How do you answer the Roman Catholic who says that for the most part (Great Schism...) Roman Catholicism has held as one church for 2000 years, which testifies of its authenticity and truth; but Protestantism has so many different sects, split over little things, all the different denominations believe different things; how could all those denominations be true and authentically the Church?

This question may be confusing, I hope it is not, but I don't know necessarily how to word it. Any help with how you would respond to the RC who is focused on protestants many denominations as a sign of a lack of truth or even their thought that why be a part of something that is greatly divided, when I can be part of a unified body?


----------



## Pilgrim Standard (Sep 13, 2011)

I would study up on the difference between the Visible and Invisible church from scripture. The various uses of the word Church would be in mind. All the while my real motive and goal would be to subtly attempt to instill the doctrine of sola scriptura by only drawing my answers from the scriptures. Hopefully your friend could start to do likewise with questions... Go to the word of God.


----------



## Alan D. Strange (Sep 13, 2011)

I would recommend, if you are serious about this, that you procure and read Charles Hodge's _Discussions in Church Polity_, particularly Part I, Preliminary Principles, with the first four chapters especially addressing the important question that you raise. This work, first published just after Hodge's death in 1878, was reprinted in 2001 by Westminister Publishing House (P.O. Box 125-H, Scarsdale, NY 10583). In the interest of full disclosure, it should be noted that I wrote an eleven page preface to the reprint. 

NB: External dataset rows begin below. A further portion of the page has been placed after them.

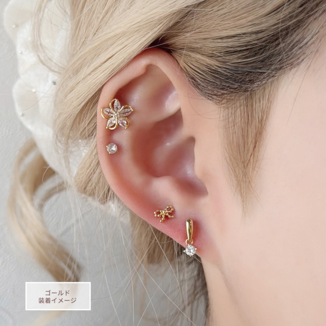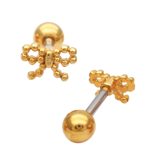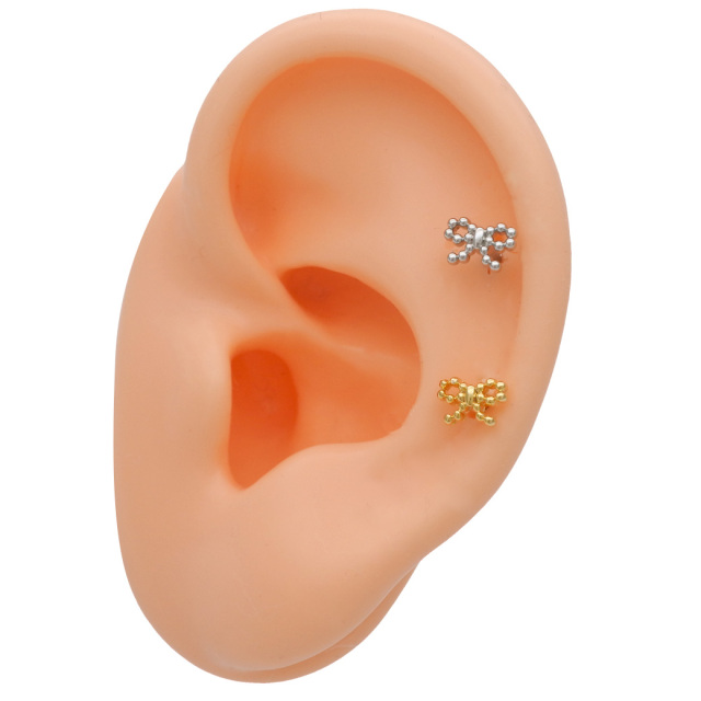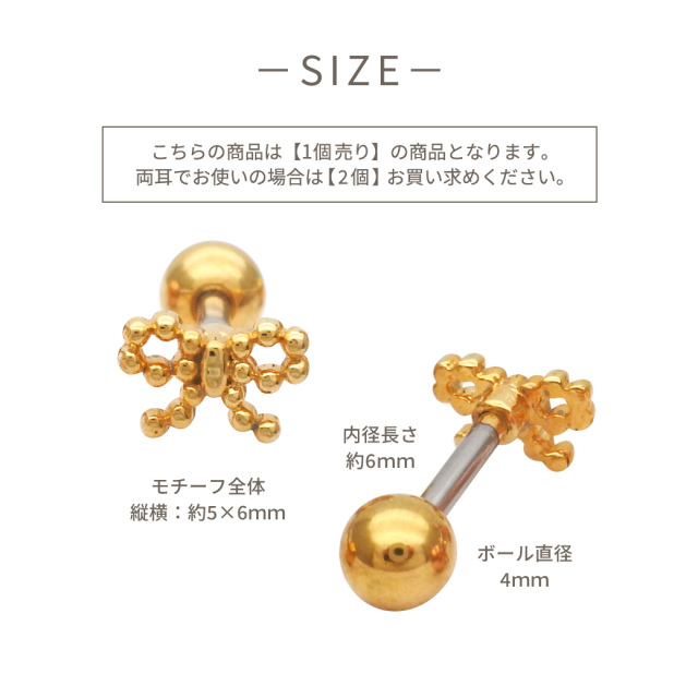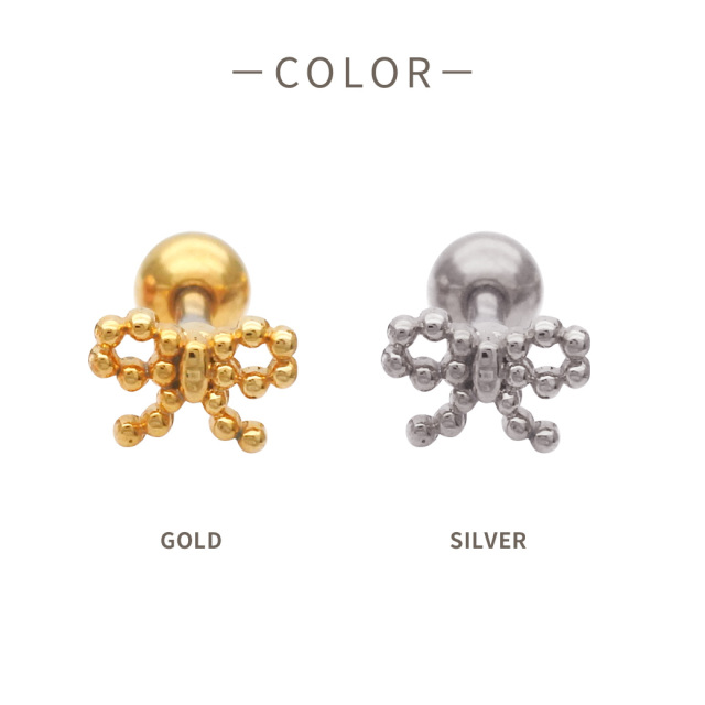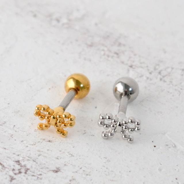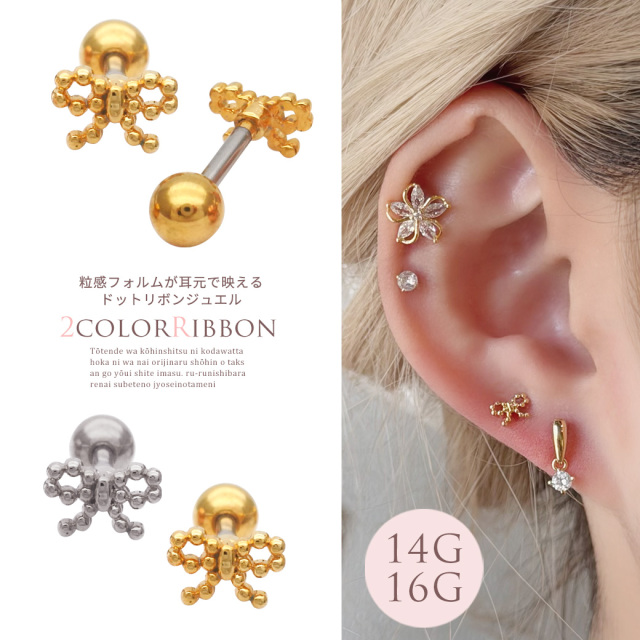 [14G 16G ]粒感フォルムが耳元で映えるドット リボン ジュエル ストレート 軟骨ピアス ヘリックス ボディピアス 0819
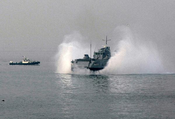 资料图片 11月28日,在韩国首都首尔西南约170公里的一处海滩,韩国士兵在参加登陆演习前进行训练。新华社/路透
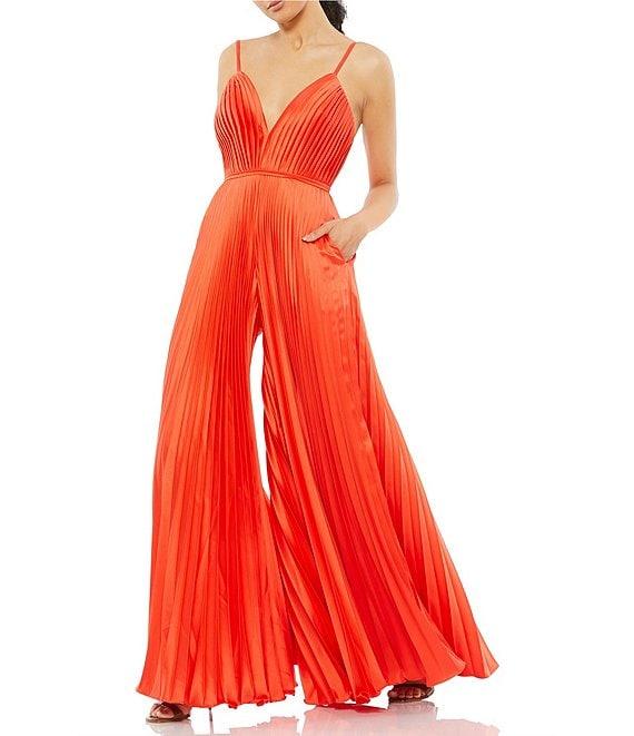 Mac Duggal Pleated Deep V-Neck Spaghetti Strap Sleeveless Wide Leg Jumpsuit

In fine, Hodge's argument is that the Church, while certainly visible throughout all the communions of Christendom, is essentially invisible, a body of believers constituted throughout the earth and found in a plethora of particular congregations. The Church is the communion of the saints and not to be identified with any particular visible church. Obviously much more could, and needs to be, said, and I would urge any here before combatting this to look carefully into it.

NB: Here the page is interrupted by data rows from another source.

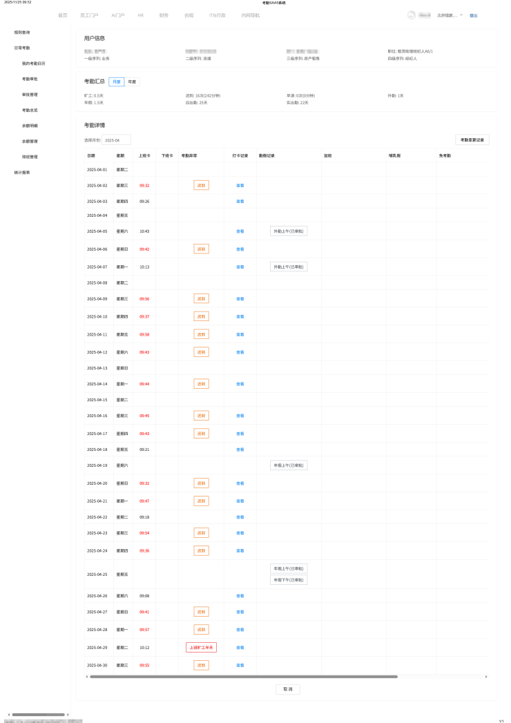 据了解,该员工于2024年5月15日入职链家宣武门店,担任租赁助理经纪人。入职以来,其业绩表现一直不尽如人意。据其门店负责人反映,自2025年3月起,该员工频繁出现考勤异常情况。
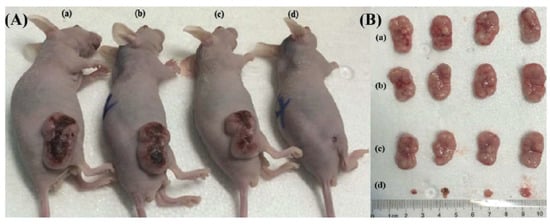 (A) Human oral epidermoid carcinoma (KB) tumor-bearing nude mice and (B) excised KB tumor images after 14 days of treatment with (a) phosphate-buffered saline (PBS), (b) α-CD-ss-Ce6 NPs without laser, (c) free Ce6 with laser, and (d) α-CD-ss-Ce6 NPs with laser. Reproduced from Reference [] with permission from Small, 2016.
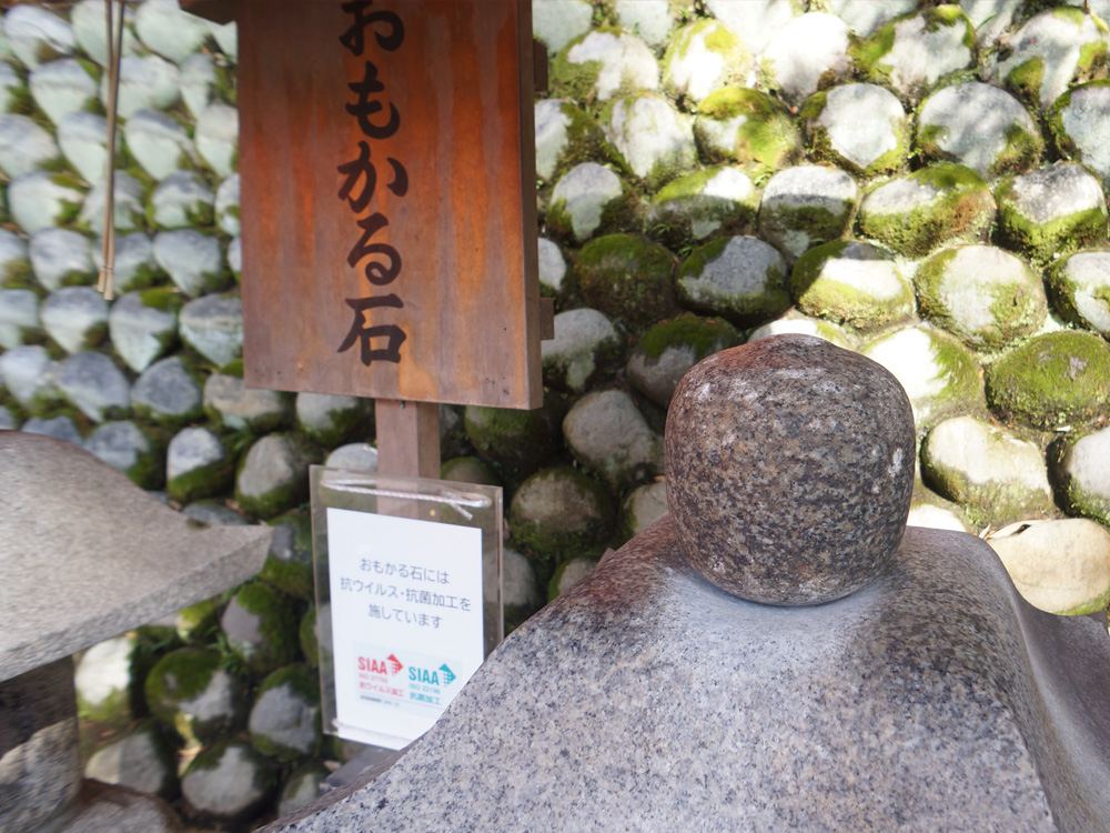 さらに奥社奉拝所の右側後ろにあるのが有名な「おもかる石」。 見た目は普通の石灯篭ですが、この灯篭に載っている石を持ち上げて、思っていたより軽いと感じれば願いが叶い、重いと感じれば願いが叶うのは難しいという、占いのような意味を持つ石です。

If we identify the Church in its essence, which is a spiritual organism that manifests itself in a visible organization wherever it exists, with any particular visible church, we play into the hands of the Roman Catholic Church and its hard to extricate ourselves from such. 

Hodge would say that as to its perfection (and maturation), the Church manifests itself visibly in Presbyterian form. But Presbyterianism belongs to the well-being not the being of the church; Hodge argues that if one makes Presbyterianism to be of the essence of the Church (as some Presbyterians have and do), such a position _ipso facto_ unchurches all who are not Presbyterian and Hodge, rightly, I believe, saw this as sectarian. 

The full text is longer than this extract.